YOUR TASK: Could you set down exactly the lines in the records below between the line holding "- A series of" and the line holding "實踐團與古強峪村黨支部深度合", inclusive?

PROVIDED RECORDS:
= Beginning of Section =
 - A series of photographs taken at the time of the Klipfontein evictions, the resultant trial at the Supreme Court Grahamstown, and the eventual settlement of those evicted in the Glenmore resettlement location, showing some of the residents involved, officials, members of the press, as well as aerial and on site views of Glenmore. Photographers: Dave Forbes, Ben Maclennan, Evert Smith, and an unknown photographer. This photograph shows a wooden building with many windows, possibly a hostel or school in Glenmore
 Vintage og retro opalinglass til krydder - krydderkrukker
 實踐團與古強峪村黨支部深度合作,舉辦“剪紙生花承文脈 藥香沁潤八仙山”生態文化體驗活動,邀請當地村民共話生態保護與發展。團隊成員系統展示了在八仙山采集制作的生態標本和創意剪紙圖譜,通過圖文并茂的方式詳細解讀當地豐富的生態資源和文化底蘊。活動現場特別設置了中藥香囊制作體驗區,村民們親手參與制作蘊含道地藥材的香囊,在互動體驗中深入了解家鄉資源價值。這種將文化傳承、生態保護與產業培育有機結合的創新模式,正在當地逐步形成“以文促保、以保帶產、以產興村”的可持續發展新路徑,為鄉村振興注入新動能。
= End of Section =
= Beginning of Section =
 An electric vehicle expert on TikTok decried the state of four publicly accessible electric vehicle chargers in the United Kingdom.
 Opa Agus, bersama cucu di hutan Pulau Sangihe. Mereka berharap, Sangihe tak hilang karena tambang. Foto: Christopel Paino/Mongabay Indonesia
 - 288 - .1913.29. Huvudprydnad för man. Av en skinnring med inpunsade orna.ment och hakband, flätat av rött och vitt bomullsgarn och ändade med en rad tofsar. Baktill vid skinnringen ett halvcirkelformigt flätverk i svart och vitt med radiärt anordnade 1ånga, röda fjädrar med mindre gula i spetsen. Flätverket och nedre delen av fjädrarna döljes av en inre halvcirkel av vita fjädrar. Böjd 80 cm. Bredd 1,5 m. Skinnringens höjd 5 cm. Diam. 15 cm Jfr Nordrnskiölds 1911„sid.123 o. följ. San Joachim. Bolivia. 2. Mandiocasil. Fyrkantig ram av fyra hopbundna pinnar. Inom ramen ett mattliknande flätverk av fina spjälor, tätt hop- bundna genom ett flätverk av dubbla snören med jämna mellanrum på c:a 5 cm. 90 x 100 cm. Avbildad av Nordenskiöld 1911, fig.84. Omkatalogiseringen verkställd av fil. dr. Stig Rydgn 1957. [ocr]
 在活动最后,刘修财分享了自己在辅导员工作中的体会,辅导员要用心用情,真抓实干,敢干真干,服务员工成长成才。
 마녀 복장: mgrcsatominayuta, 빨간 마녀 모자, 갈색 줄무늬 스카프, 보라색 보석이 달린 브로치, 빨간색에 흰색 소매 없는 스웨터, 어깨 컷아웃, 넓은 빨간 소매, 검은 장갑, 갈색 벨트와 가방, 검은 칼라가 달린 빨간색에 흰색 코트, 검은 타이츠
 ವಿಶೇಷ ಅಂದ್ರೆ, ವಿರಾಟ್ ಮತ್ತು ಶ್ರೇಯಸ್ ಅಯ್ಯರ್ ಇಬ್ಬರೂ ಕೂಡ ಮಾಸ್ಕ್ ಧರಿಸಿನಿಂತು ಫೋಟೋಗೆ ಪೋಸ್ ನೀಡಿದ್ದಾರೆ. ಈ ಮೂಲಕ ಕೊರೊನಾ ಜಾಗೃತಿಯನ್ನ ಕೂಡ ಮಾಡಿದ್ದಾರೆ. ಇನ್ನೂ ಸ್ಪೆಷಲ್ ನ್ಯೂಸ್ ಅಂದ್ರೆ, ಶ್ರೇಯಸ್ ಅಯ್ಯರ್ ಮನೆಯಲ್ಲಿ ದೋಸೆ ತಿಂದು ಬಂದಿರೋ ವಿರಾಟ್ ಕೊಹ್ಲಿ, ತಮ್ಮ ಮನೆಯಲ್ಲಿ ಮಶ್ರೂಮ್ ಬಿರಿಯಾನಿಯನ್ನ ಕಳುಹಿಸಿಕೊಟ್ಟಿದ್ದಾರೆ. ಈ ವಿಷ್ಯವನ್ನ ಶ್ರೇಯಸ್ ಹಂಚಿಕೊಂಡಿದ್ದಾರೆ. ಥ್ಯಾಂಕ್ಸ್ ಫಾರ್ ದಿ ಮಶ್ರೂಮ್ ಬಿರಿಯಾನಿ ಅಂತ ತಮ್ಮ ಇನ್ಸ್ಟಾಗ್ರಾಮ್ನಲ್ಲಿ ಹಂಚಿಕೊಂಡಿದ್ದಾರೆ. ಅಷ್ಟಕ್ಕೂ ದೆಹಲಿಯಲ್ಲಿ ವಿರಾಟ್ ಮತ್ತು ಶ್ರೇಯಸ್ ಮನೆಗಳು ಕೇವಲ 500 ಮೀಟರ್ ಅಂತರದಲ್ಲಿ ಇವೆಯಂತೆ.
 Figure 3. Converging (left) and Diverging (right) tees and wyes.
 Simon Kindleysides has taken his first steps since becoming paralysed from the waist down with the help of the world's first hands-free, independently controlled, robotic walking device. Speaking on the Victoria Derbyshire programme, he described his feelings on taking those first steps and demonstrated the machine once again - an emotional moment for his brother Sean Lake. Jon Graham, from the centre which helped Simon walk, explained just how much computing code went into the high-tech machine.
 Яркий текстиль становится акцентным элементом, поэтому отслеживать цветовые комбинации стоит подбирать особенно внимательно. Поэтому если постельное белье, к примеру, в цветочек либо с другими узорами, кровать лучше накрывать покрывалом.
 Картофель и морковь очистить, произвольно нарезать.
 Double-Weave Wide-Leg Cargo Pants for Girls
= End of Section =
PROBLEM SOLUTION:
 - A series of photographs taken at the time of the Klipfontein evictions, the resultant trial at the Supreme Court Grahamstown, and the eventual settlement of those evicted in the Glenmore resettlement location, showing some of the residents involved, officials, members of the press, as well as aerial and on site views of Glenmore. Photographers: Dave Forbes, Ben Maclennan, Evert Smith, and an unknown photographer. This photograph shows a wooden building with many windows, possibly a hostel or school in Glenmore
 Vintage og retro opalinglass til krydder - krydderkrukker
 實踐團與古強峪村黨支部深度合作,舉辦“剪紙生花承文脈 藥香沁潤八仙山”生態文化體驗活動,邀請當地村民共話生態保護與發展。團隊成員系統展示了在八仙山采集制作的生態標本和創意剪紙圖譜,通過圖文并茂的方式詳細解讀當地豐富的生態資源和文化底蘊。活動現場特別設置了中藥香囊制作體驗區,村民們親手參與制作蘊含道地藥材的香囊,在互動體驗中深入了解家鄉資源價值。這種將文化傳承、生態保護與產業培育有機結合的創新模式,正在當地逐步形成“以文促保、以保帶產、以產興村”的可持續發展新路徑,為鄉村振興注入新動能。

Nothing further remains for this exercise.